Throughput test - Single pipeline with more than two samples, biological, and technical duplicates
Typical RNA-Seq studies consist of multiple samples, sometimes 100s of different samples, normal versus disease, or untreated versus treated samples. These samples tend to have a high level of noise due to biological reasons; hence, the analysis requires vigorous data preprocessing procedure.
A number of various samples were processed, with different RNA-Seq data selected from 185 paired-end reads dataset, to see how much data a single node can process. Typically, when the number of samples increases, the runtime of the Tuxedo pipeline increases. However, as shown in the figure below, the runtimes with two sample tests using 7713, are higher than the runtimes from four samples. The standard error from five repeated runs does not overlap with four and eight sample results. The interference of other users may cause this large variance. The current testing environment, especially a shared file system designed for large capacity, is not ideal for a Next Generation Sequencing (NGS) data analysis benchmark.

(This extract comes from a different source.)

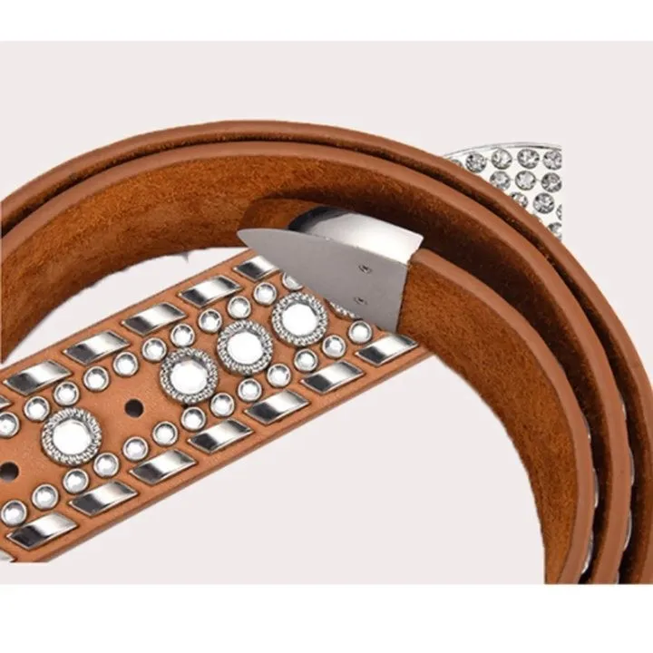 Women Bling Leather Belts For Jeans Pants With Fashion Silver Buckle

Figure 2. Runtime comparisons among various AMD EPYC 7003 Series processors: Standard error is estimated from an estimated standard deviation based on a sample (STDDEV.S function in Excel)
The eight sample test results show that AMD Milan processors perform better than one of the Rome processors (7702) in a higher workload.
Many tests are still required to obtain a better insight from the AMD Milan processors for the NGS data analysis area. Unfortunately, the tests could not exceed eight samples due to storage limitations. However, there seems to be plenty of room for a higher throughput that processes more than eight samples together. AMD Milan 7763 performed 20% better than AMD Rome 7702. AMD Milan 7713 performed 18% better in eight sample tests for the Tuxedo pipeline as described in Figure 2.